M-tree Home Page

The M-tree is an index structure that can be used for the efficient resolution of similarity queries on complex objects to be compared using an arbitrary metric, i.e. a distance function d that satisfies the positivity, symmetry, and triangle inequality postulates. For instance, with the M-tree you can index a set of strings and organize them according to their edit distances (the minimal number of character changes needed to transform one string into another).

More in general, M-tree can be profitably used for content-based retrieval on multimedia data repositories, provided relevant features (e.g., color histograms from still images) have been extracted from the objects. Note that, since metric spaces strictly include vector spaces, M-tree has a far more general applicability than multi-dimensional (also called spatial) access methods, such as the R-tree. Since its first presentation in VLDB 97, M-tree has been successfully used in a number of different research fields, including Multimedia Data Indexing, Data Mining, and Case-Based Reasoning.

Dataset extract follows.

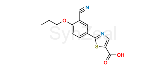 Febuxostat Impurity 17 is chemically 2-(3-Cyano-4-propoxyphenyl)thiazole-5-carboxylic acid. Febuxostat Impurity 17 is supplied with detailed characterization data compliant with regulatory guideline. Febuxostat Impurity 17 can be used for the analytical method development, method validation (AMV), Quality Controlled (QC) application for Abbreviated New Drug Application (ANDA) or during commercial production of Febuxostat.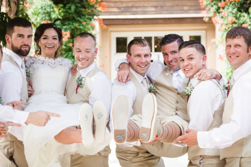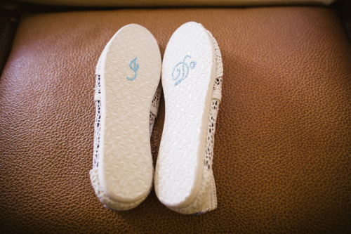 “Skelly wore a tan suit, minus the jacket. So tan pants, a white button up shirt, a tan vest, and a white tie. We found this at Men’s Warehouse. The only part Skelly cared about was the shoes! He loves Toms, so he and all the groomsmen wore them. He found himself a pair of tan leather Toms that were a little fancier than the traditional canvas Toms.”

The basic version of the M-tree can handle simple range and nearest neighbors queries, where the user provides a query object and a minimum distance threshold (resp. the number of nearest neighbors). Since in the general case assessing the similarity between two objects can be a very time-consuming task, in the design of M-tree we have paid particular care to minimize, besides I/O costs (page reads), also CPU costs (distance computations). Actual performance of M-tree can also be accurately predicted by using the cost models we have developed.

Extensions

M-tree functionalities are evolving over time. Starting from the basic version, we have extended it to deal with a wider range of similarity queries. In particular, M-tree now supports:

Complex similarity queries (queries consisting of more than one similarity predicate), where all the similarity predicates refer to a single feature.
Approximate nearest neighbor queries, where the user has the possibility to trade-off quality of the result for search costs.

Implementation

M-tree implementation is based on the GiST C++ package, and the version numbering follows that of GiST libraries (this is why numbering of releases started from 0.9).